Para ler ouvindo “A Grande Onda”, do Cícero.
(Sim, o título desta crônica é uma cópia descarada)
(Após uma ressaca eleitoral pior do que ressaca de vinho seco, procurei escrever para mandar a cefaleia para aquele lugar)
No domingo, 07, votei pela segunda vez na vida. Um dia antes, revirei a casa toda procurando o dito título de eleitor. O guarda-roupa ficou até que arrumado, o contrário de quando não procuro algo dentro dele. Meus dedos tateavam pastas e caixas dos quartos. Coloquei para tocar na vitrola o LP que está nela desde o mês passado. Pensei que ajudaria na busca, mas só fez com que o tempo decolasse e o dia seguinte estava logo aí, na minha janela. Era mais ou menos duas da manhã quando o encontrei. Estava lá, da mesma cor, conservado dentro da capa de plástico que comprei de um cara no metrô. Hora de trabalhar, meu amigo, a vida boa acabou.
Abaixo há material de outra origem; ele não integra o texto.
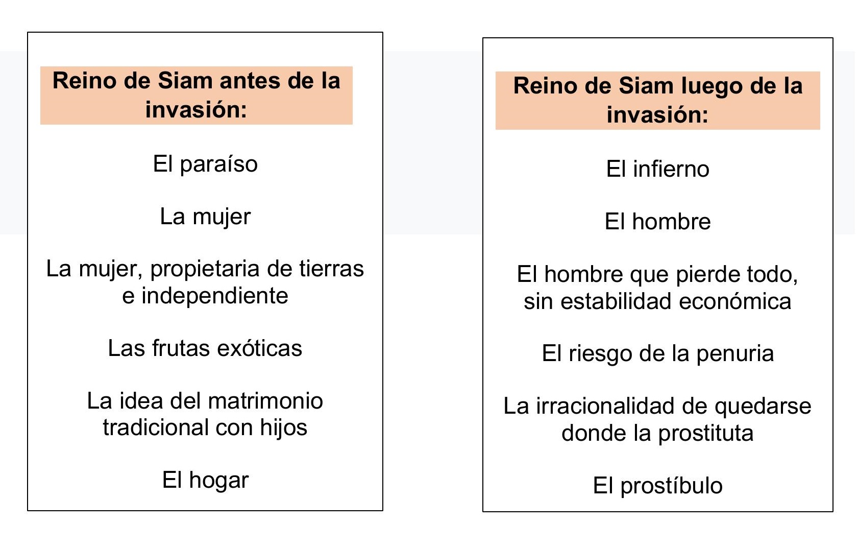 El texto comienza, entonces, precisando la situación geográfica: el título y el segundo párrafo mencionan la región de Siam, un reino que parece ser real. Tres veces se menciona ese lugar, recorriendo los caminos y describiendo la huida de todos los personajes de la historia. El reino de Siam es percibido como el paraíso en un cierto momento de la narración: “Lo habíamos perdido todo. Atrás habíamos dejado nuestras pertenencias, nuestras plantaciones de arroz, nuestros árboles de pan, de coco y mango” (Escudos, 2008, p. 12). Se narra que el reino de Siam ha cambiado, como ha cambiado –por cierto– el personaje principal del cuento. Siam era sinónimo de felicidad, de estabilidad y de abundancia de frutas exóticas pero luego, la invasión birmana transformó todo. Ya no es más aquella tierra paradisiaca.

Dez pulinhos antes de dormir. Mais uma vez o dia foi salvo, graças a São Longuinho.
Acordei relativamente cedo. Repassei na cabeça os números dos nomes que estavam na cola que guardei na carteira. Seis nomes ao todo. Após um demorado café da manhã proposital, saí. Sim, o dia não era dos melhores. O tempo não ajudava, as pessoas não ajudavam, os políticos não ajudavam… eu não ajudava.
Entrei no carro de um motorista de aplicativo. Meu nome, destino, confirmar, seguir. Não me recordo agora do nome do rapaz que dirigia, algo entre Laércio e Chico. Perguntou se a música que tocava no rádio estava agradável. Olhando pelo retrovisor, o motorista viu minha cabeça afirmando. Durante o percurso, ele tentou puxar assunto comigo. Perguntou qual era a minha zona eleitoral e o que achava de tudo o que vinha acontecendo no Brazil, baby. Adotei monossílabas como resposta.
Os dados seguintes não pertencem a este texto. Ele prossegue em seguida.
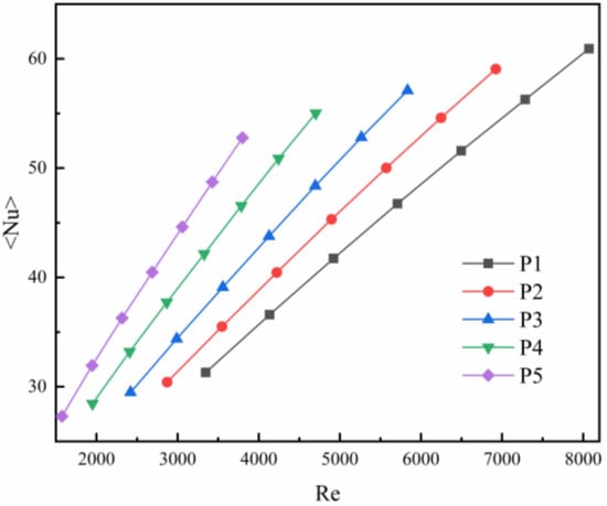 where subscript “out” denotes the outlet condition, is the wall temperature. With the increase of Reynolds number, driven by the larger area and strength of the detachment vortex, the degree of coolant mixing increases. More coolant participates in the heat transfer process, and the Nusselt number increases significantly. It can be seen that when the Prandtl number is constant, there is a quasi-linear relationship between the average Nusselt number and Reynolds number.

Percebi claramente o jogo de adivinhação que estávamos participando. Ganhava aquele que respondesse corretamente os números que seriam teclados na urna eleitoral. Os únicos números que importavam no dia 7. Acho que até mesmo a mega-sena fora deixada de lado. O prêmio que o povo queria era maior…bem m-a-i-o-r. Olhei ao redor do carro para ver se alguma bala de hortelã estava dando sopa por aí. Até as balas foram votar, era só o que faltava. Desci do Chevrolet Onix sem ganhar o jogo. O motorista também não soube me decifrar, nem espiar minha cola. Ambos perdedores.
Ao pisar no concreto esburacado de São Paulo, quase fui arrastado pela onda. E não, não era água. Era papel! Segurei-me em uma grade e consegui manter firmeza no meu passo. Mas o que era tudo aquilo, afinal? Minha consciência retornou ao lugar certo da cabeça e lembrei a época que estamos.
Rostos e números, rostos e números, rostos e números, rostos e rostos e números e rostos e números e cores e números e era azul, vermelho, verde, laranja, cinza e rostos e números voltavam e eram mais rostos e números e…
Eu estava cara a cara com a onda de papelzinhos de candidatos. Se não fosse filho de orixá, eu juraria ter entrado acidentalmente no céu católico. Havia santinhos por todos os cantos. Esperavam ansiosamente o resgate por mãos humanas. Clamavam!
Subi as escadas da escola pública onde voto e tive sorte de chegar até o topo. A maré estava alta e a onda de papel fazia senhoras e crianças acompanhadas dos pais levarem um baita escorregão. Dois adultos disfarçaram a queda simulando uma dança meio tango e hip hop. Até nas dificuldades buscamos um jeito de dançar. As ondas estavam brabas logo naquele horário, imagine mais tarde. Santinhos invadiam casas próximas e a própria escola estava se afogando. Não sei nadar em pilhas de papel, melhor correr!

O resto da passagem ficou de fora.